Task to carry out:
What should you transcribe? Every line from the top of the records below through the line with "大人の上品セットアップ|サマーツイードスカート×ジャケット きれいめコーデ 式典、お仕事にも", exactly, and no pictures.

########

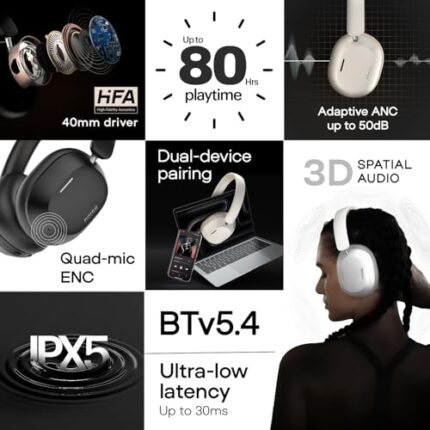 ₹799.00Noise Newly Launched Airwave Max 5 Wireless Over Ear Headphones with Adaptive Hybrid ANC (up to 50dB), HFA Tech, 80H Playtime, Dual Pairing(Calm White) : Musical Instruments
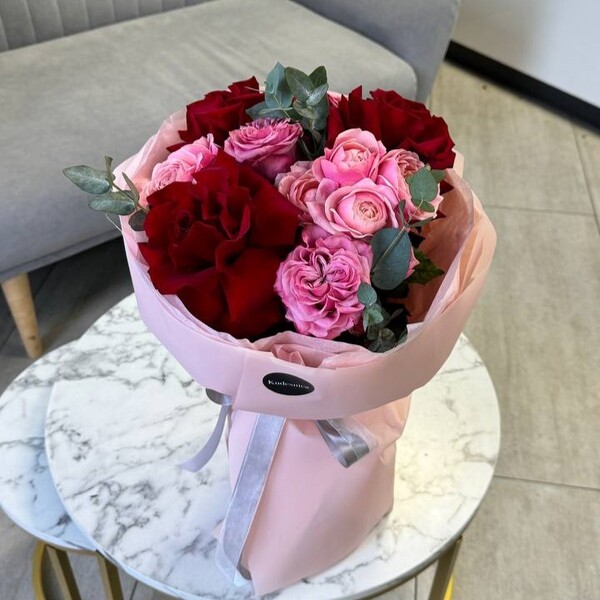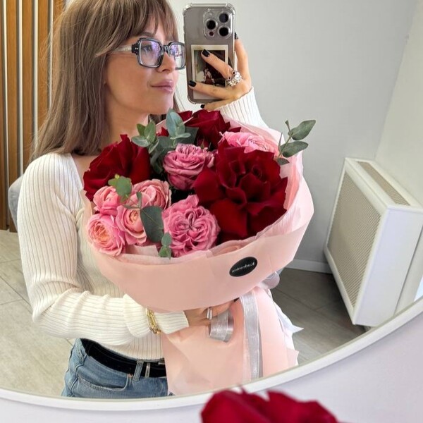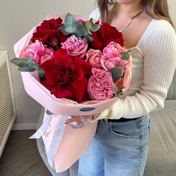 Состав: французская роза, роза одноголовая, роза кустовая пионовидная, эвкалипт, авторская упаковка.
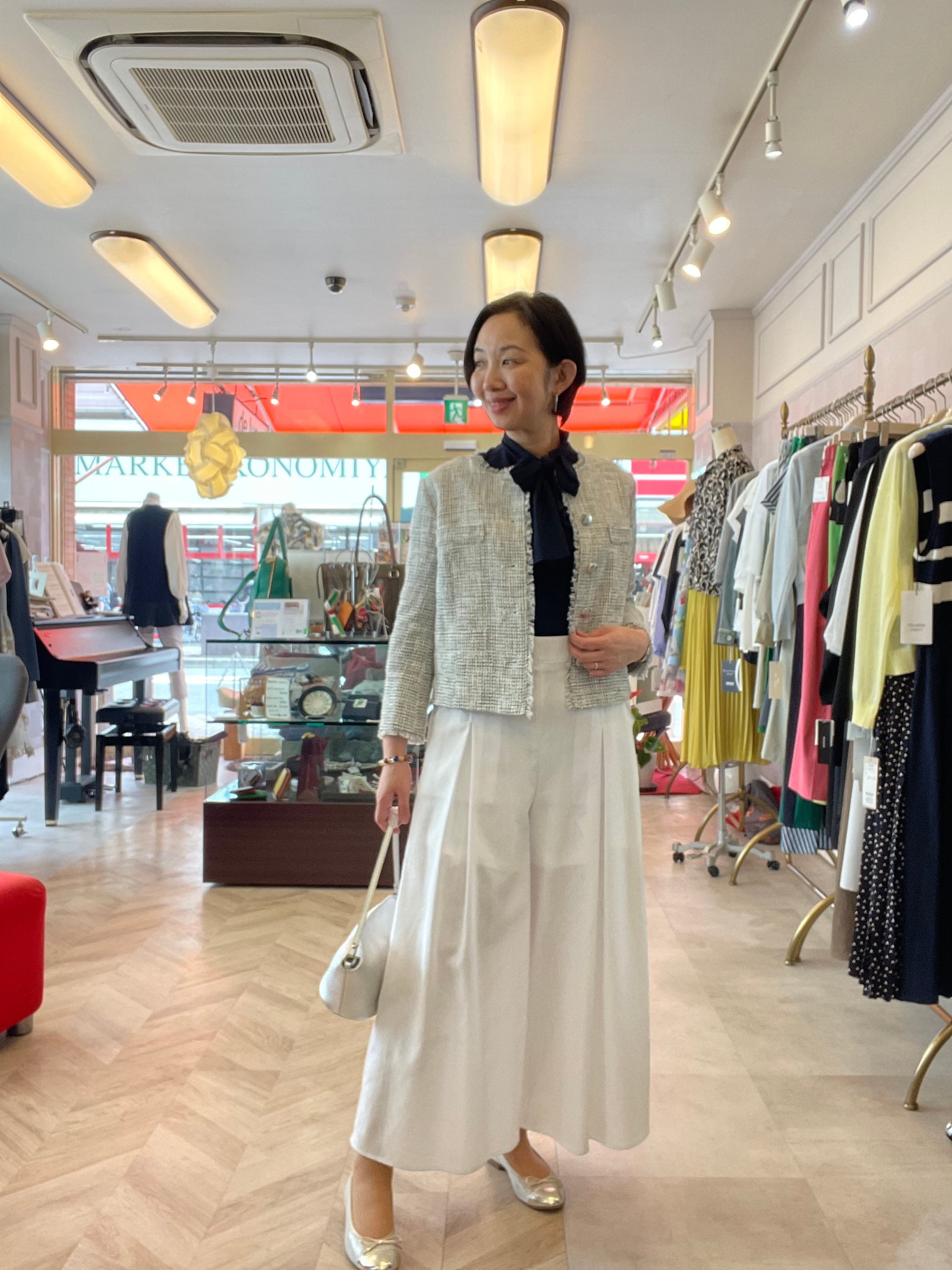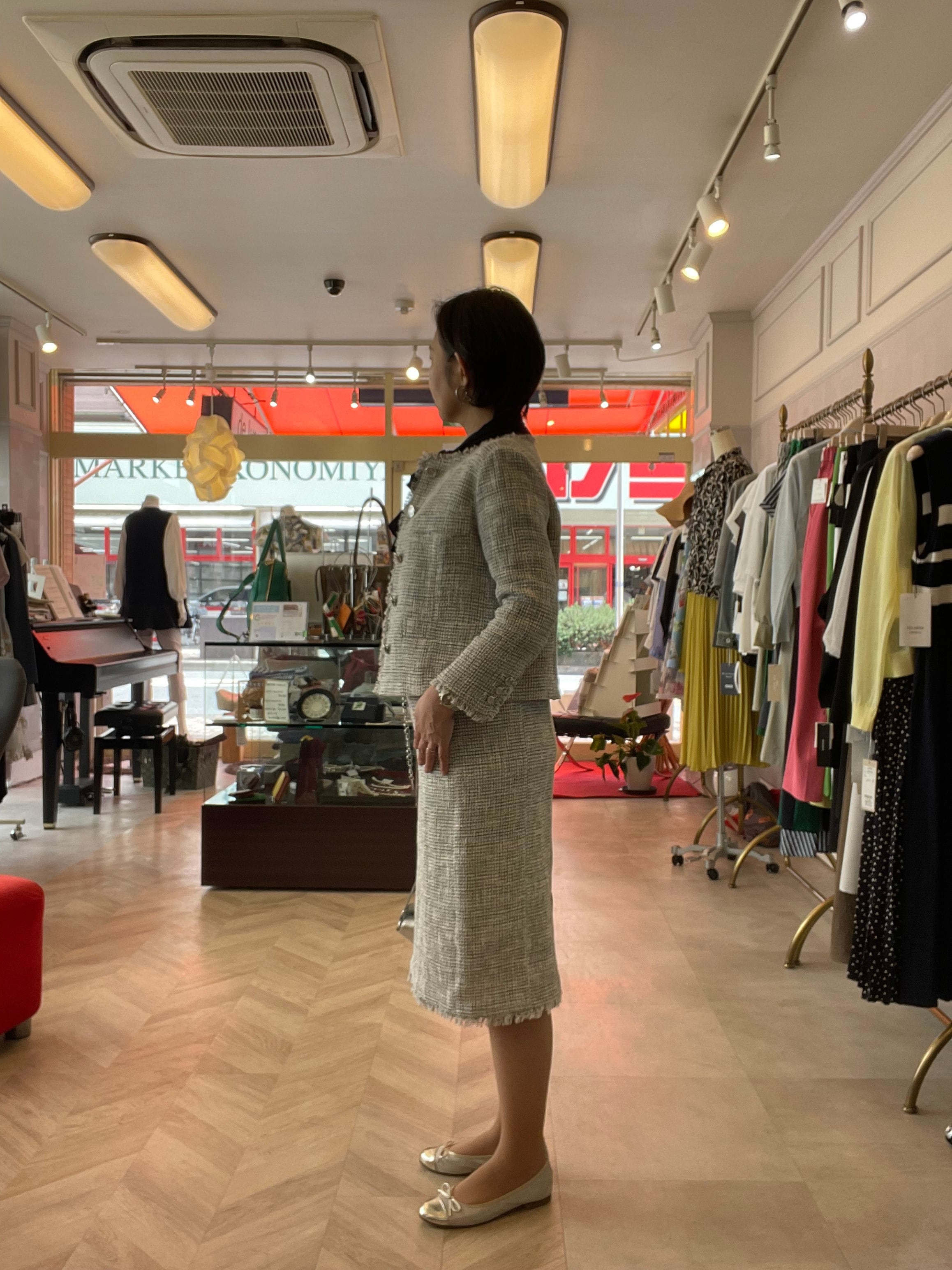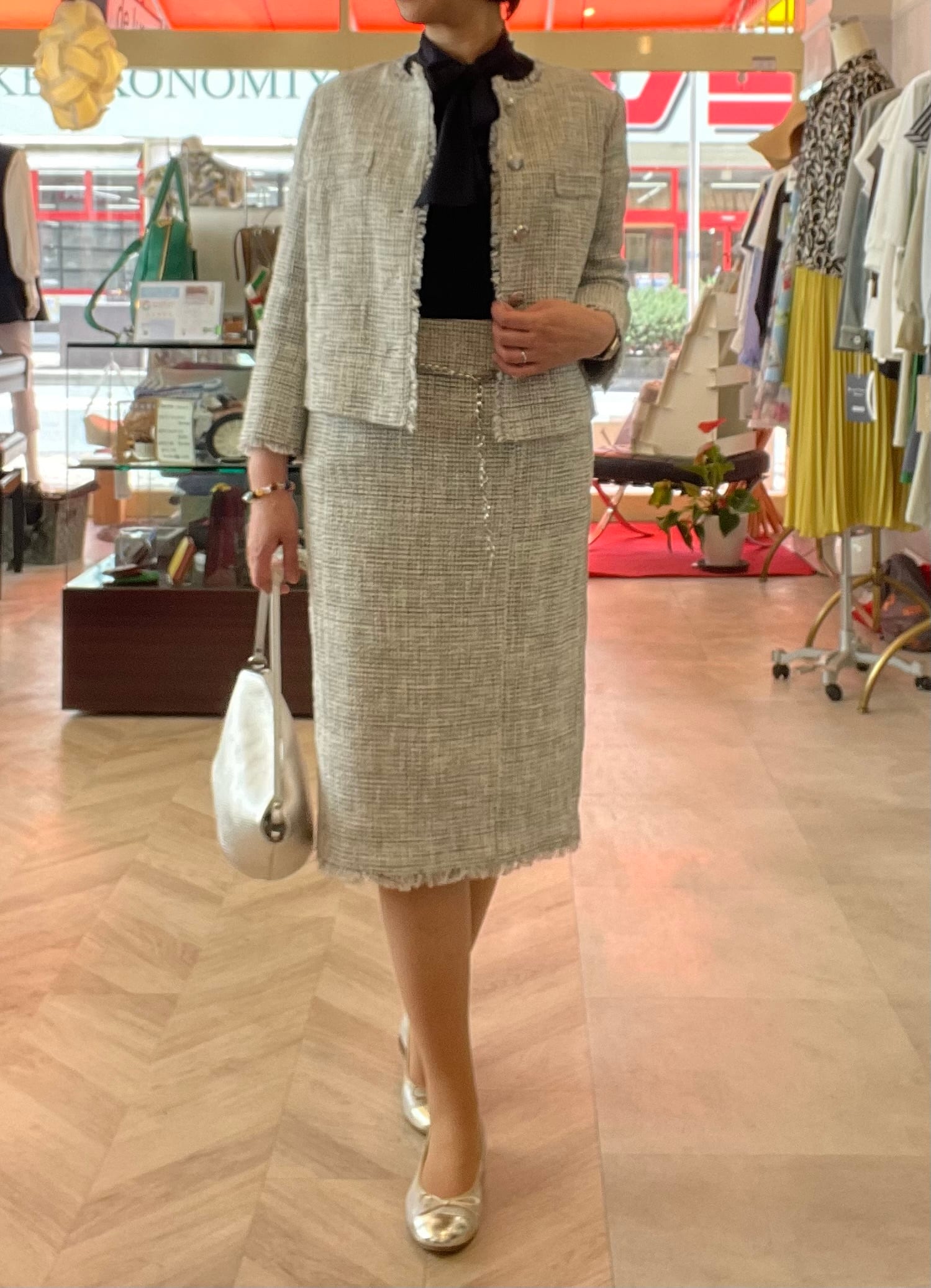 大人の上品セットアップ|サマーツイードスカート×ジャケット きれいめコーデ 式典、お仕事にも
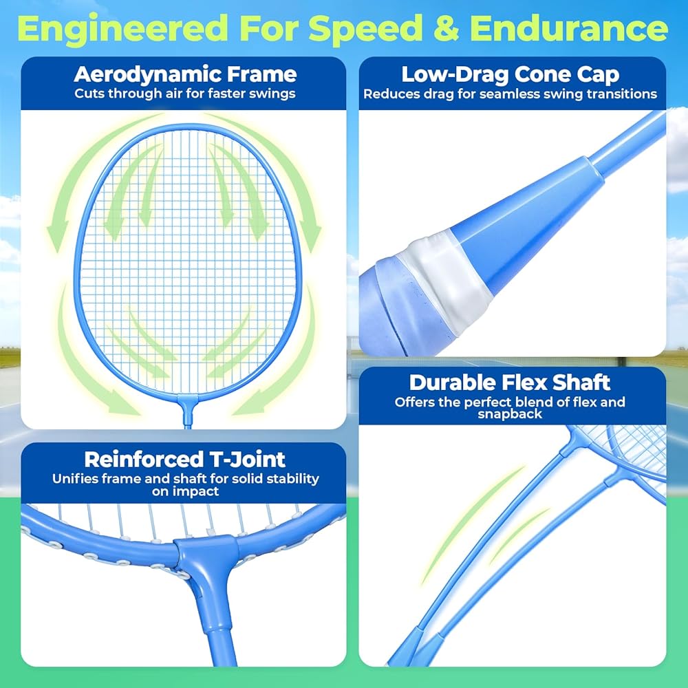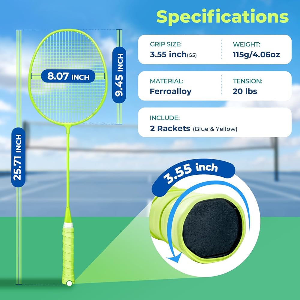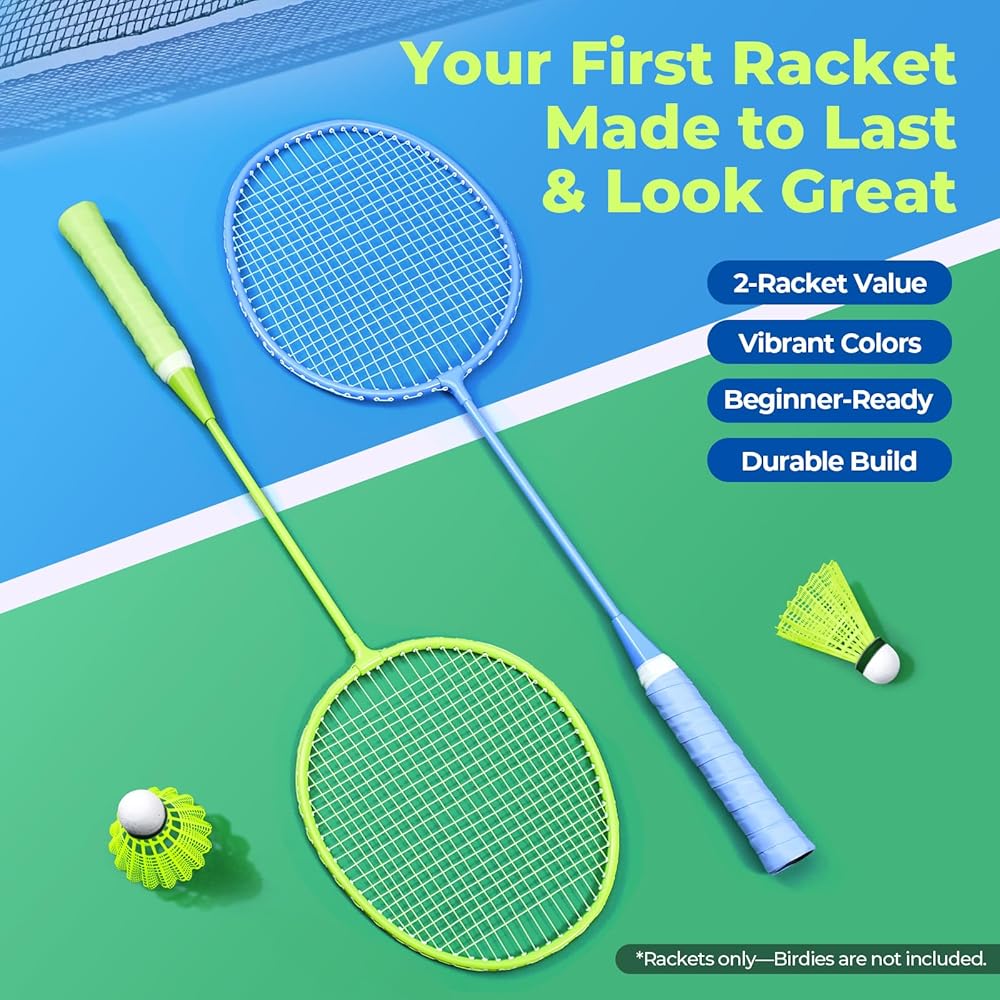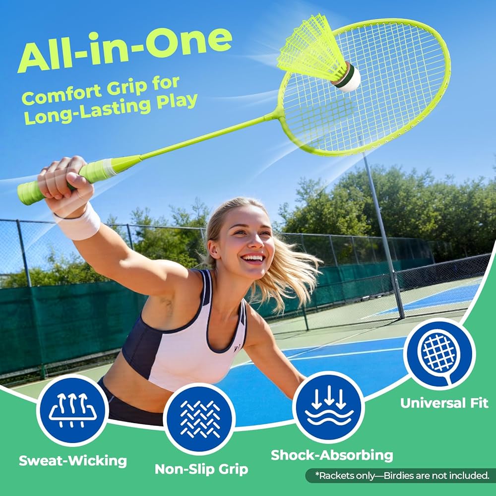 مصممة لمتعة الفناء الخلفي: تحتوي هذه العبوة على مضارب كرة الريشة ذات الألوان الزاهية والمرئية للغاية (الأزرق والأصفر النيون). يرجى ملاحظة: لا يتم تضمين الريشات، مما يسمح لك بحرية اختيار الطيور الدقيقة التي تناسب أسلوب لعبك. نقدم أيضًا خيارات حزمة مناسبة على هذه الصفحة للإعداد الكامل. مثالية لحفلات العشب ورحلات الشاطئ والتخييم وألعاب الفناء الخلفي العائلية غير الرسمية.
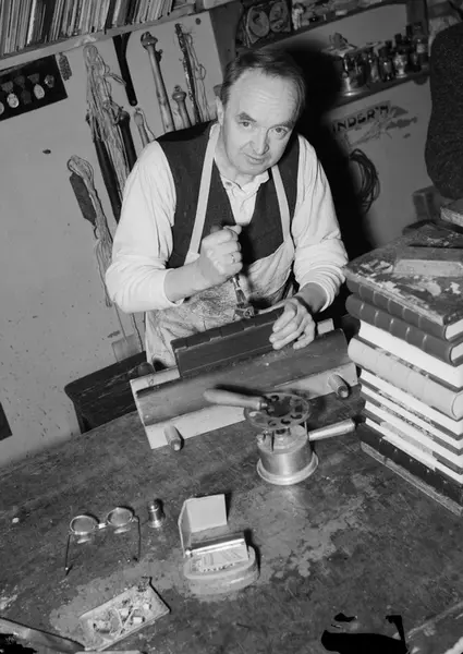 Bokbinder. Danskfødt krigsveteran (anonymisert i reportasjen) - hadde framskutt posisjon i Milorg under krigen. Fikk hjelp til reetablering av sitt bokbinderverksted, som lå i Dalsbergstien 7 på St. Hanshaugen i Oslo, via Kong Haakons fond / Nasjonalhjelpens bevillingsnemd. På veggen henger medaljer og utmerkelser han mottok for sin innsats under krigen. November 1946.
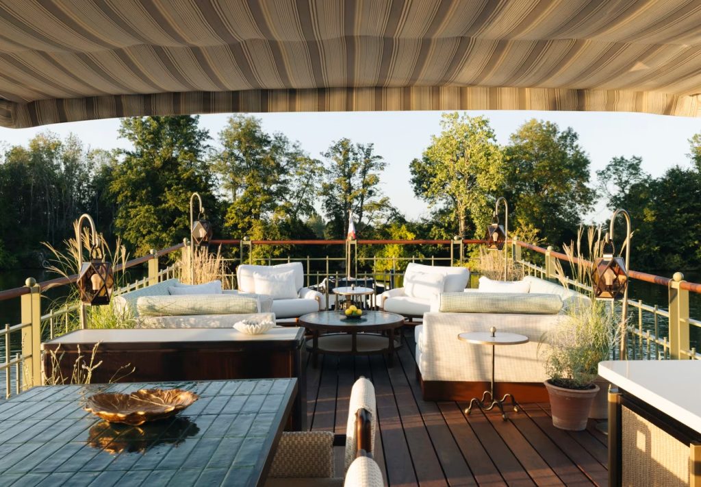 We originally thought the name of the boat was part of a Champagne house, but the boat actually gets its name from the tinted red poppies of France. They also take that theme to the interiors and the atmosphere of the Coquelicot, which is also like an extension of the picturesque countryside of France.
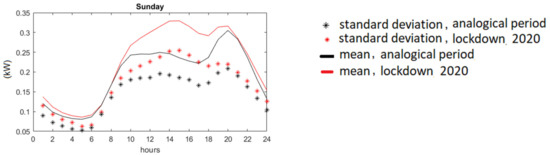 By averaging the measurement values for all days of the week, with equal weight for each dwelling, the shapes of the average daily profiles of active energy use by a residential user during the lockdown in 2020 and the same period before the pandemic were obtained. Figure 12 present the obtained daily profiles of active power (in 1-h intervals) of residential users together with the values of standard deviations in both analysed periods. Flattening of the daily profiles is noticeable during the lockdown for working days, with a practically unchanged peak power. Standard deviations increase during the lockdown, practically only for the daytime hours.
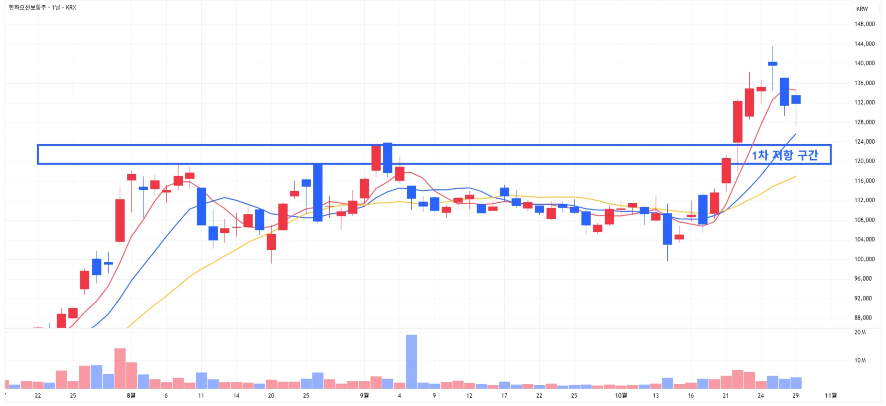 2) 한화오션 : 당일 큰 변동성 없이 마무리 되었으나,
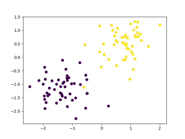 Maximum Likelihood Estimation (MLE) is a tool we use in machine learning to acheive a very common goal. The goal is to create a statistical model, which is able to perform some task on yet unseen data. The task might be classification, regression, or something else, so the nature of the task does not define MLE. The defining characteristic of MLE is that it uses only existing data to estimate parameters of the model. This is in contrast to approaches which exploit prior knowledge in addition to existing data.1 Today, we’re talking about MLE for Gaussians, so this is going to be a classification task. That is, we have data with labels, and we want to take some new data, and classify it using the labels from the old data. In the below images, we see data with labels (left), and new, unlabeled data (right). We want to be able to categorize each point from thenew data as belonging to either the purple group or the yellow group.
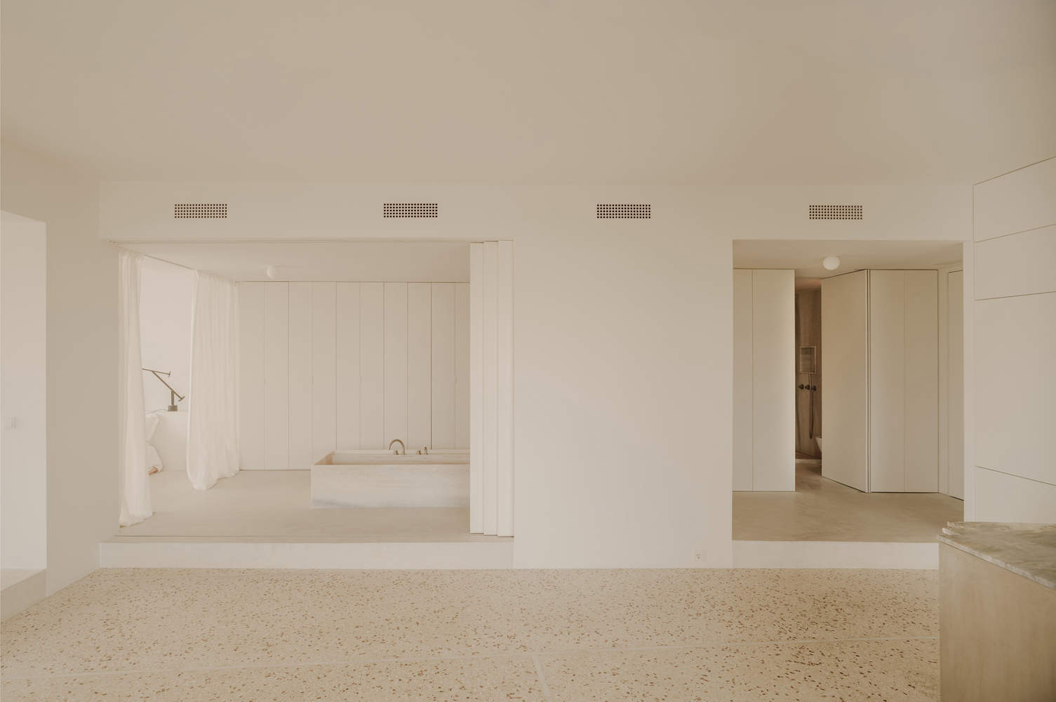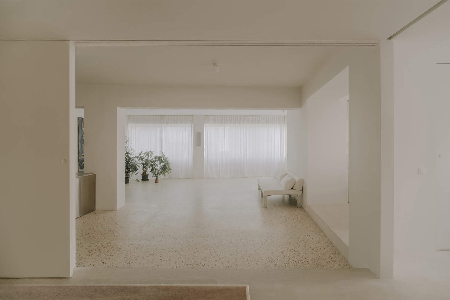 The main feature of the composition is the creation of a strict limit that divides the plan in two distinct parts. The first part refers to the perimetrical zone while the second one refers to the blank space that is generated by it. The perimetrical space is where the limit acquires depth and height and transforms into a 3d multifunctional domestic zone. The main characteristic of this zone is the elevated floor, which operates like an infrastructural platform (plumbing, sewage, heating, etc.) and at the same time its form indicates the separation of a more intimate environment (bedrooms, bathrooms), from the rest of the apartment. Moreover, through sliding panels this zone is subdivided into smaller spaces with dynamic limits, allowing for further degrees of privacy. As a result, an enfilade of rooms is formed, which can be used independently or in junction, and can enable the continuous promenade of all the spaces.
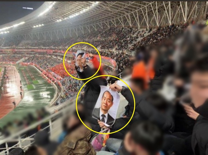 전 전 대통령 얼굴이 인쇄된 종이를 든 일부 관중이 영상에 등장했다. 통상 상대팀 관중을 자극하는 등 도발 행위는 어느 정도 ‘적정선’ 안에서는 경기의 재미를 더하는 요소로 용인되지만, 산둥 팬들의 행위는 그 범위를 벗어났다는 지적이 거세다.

########

Written answer:
 ₹799.00Noise Newly Launched Airwave Max 5 Wireless Over Ear Headphones with Adaptive Hybrid ANC (up to 50dB), HFA Tech, 80H Playtime, Dual Pairing(Calm White) : Musical Instruments
 Состав: французская роза, роза одноголовая, роза кустовая пионовидная, эвкалипт, авторская упаковка.
 大人の上品セットアップ|サマーツイードスカート×ジャケット きれいめコーデ 式典、お仕事にも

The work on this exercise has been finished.